◆ WHAT YOU WILL DO
Copy out the data exactly as it appears, without a single image.

Records from a data collection:
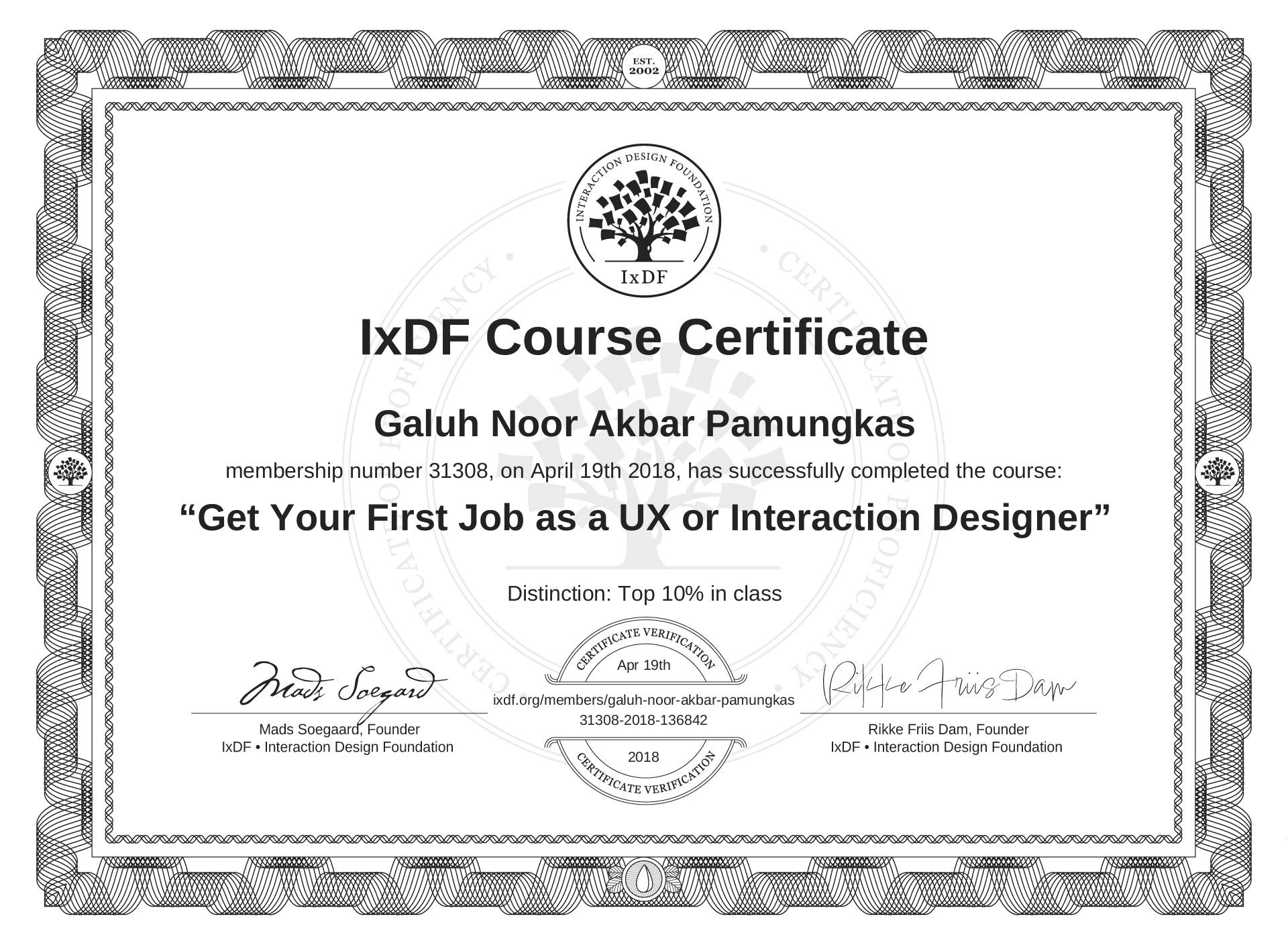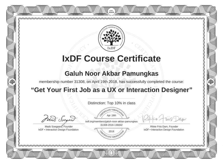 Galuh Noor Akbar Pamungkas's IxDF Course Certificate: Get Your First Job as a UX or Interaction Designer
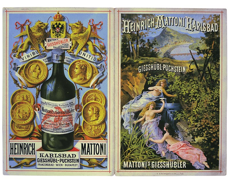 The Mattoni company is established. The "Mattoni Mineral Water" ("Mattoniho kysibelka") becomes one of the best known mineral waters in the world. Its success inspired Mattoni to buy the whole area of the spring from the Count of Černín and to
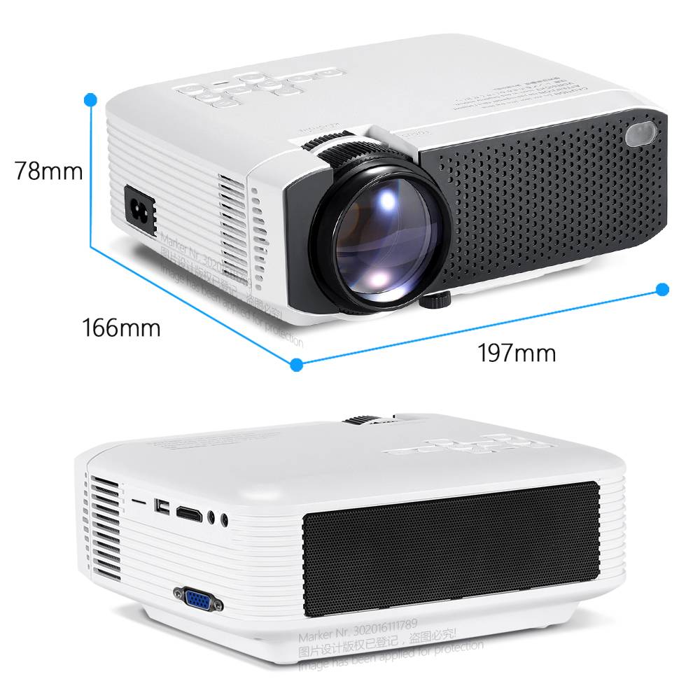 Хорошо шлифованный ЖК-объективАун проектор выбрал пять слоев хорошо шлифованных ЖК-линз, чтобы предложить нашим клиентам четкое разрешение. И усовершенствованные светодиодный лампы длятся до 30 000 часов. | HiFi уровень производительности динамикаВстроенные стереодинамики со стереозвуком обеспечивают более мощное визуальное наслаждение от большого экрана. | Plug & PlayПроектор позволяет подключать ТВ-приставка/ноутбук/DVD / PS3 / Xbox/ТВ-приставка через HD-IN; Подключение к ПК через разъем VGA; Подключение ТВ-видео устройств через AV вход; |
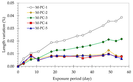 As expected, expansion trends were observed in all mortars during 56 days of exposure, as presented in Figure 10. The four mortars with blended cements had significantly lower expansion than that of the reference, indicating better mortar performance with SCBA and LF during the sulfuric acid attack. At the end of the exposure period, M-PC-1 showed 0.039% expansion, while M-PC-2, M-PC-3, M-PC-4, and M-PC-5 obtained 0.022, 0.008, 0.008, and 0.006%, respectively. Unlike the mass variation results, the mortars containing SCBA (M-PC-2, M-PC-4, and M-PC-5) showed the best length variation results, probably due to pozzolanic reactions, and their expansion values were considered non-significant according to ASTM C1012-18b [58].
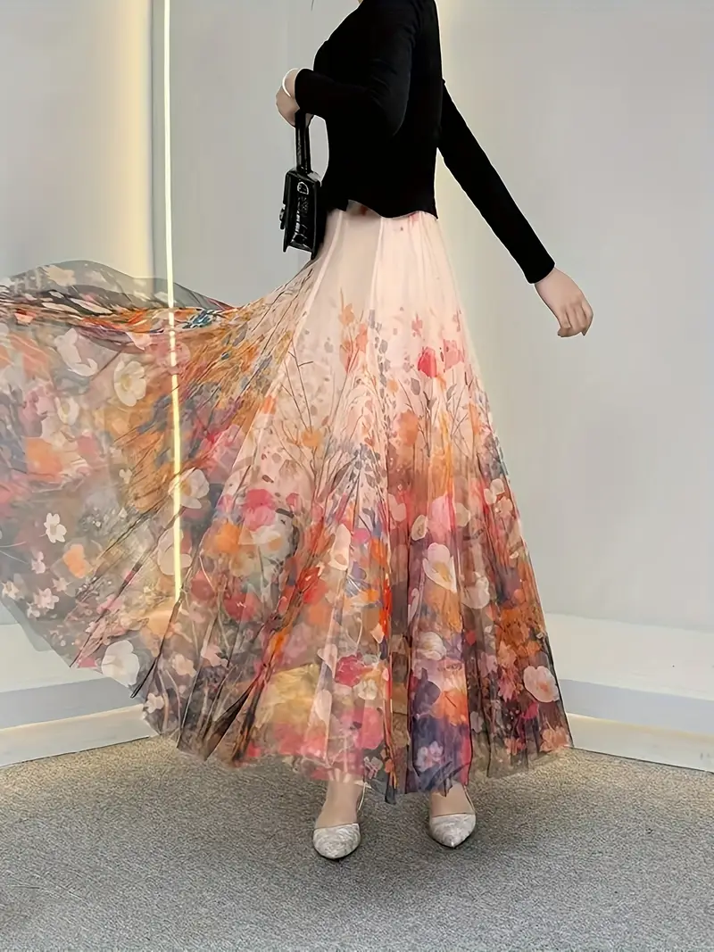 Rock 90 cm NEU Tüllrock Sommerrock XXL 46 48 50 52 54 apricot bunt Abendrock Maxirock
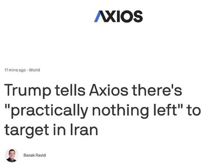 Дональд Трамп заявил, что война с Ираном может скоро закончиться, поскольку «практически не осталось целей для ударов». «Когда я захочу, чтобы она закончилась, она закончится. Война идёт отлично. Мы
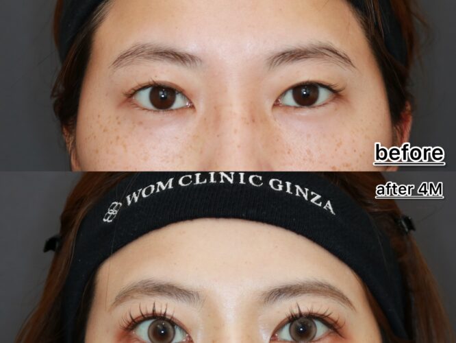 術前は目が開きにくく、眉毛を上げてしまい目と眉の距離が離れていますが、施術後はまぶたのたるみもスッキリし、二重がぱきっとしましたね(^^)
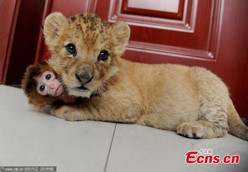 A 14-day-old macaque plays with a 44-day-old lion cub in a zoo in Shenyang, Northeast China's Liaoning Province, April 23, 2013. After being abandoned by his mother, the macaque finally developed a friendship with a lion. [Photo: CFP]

◆ RESPONSE AREA
 Galuh Noor Akbar Pamungkas's IxDF Course Certificate: Get Your First Job as a UX or Interaction Designer
 The Mattoni company is established. The "Mattoni Mineral Water" ("Mattoniho kysibelka") becomes one of the best known mineral waters in the world. Its success inspired Mattoni to buy the whole area of the spring from the Count of Černín and to
 Хорошо шлифованный ЖК-объективАун проектор выбрал пять слоев хорошо шлифованных ЖК-линз, чтобы предложить нашим клиентам четкое разрешение. И усовершенствованные светодиодный лампы длятся до 30 000 часов. | HiFi уровень производительности динамикаВстроенные стереодинамики со стереозвуком обеспечивают более мощное визуальное наслаждение от большого экрана. | Plug & PlayПроектор позволяет подключать ТВ-приставка/ноутбук/DVD / PS3 / Xbox/ТВ-приставка через HD-IN; Подключение к ПК через разъем VGA; Подключение ТВ-видео устройств через AV вход; |
 As expected, expansion trends were observed in all mortars during 56 days of exposure, as presented in Figure 10. The four mortars with blended cements had significantly lower expansion than that of the reference, indicating better mortar performance with SCBA and LF during the sulfuric acid attack. At the end of the exposure period, M-PC-1 showed 0.039% expansion, while M-PC-2, M-PC-3, M-PC-4, and M-PC-5 obtained 0.022, 0.008, 0.008, and 0.006%, respectively. Unlike the mass variation results, the mortars containing SCBA (M-PC-2, M-PC-4, and M-PC-5) showed the best length variation results, probably due to pozzolanic reactions, and their expansion values were considered non-significant according to ASTM C1012-18b [58].
 Rock 90 cm NEU Tüllrock Sommerrock XXL 46 48 50 52 54 apricot bunt Abendrock Maxirock
 Дональд Трамп заявил, что война с Ираном может скоро закончиться, поскольку «практически не осталось целей для ударов». «Когда я захочу, чтобы она закончилась, она закончится. Война идёт отлично. Мы
 術前は目が開きにくく、眉毛を上げてしまい目と眉の距離が離れていますが、施術後はまぶたのたるみもスッキリし、二重がぱきっとしましたね(^^)
 A 14-day-old macaque plays with a 44-day-old lion cub in a zoo in Shenyang, Northeast China's Liaoning Province, April 23, 2013. After being abandoned by his mother, the macaque finally developed a friendship with a lion. [Photo: CFP]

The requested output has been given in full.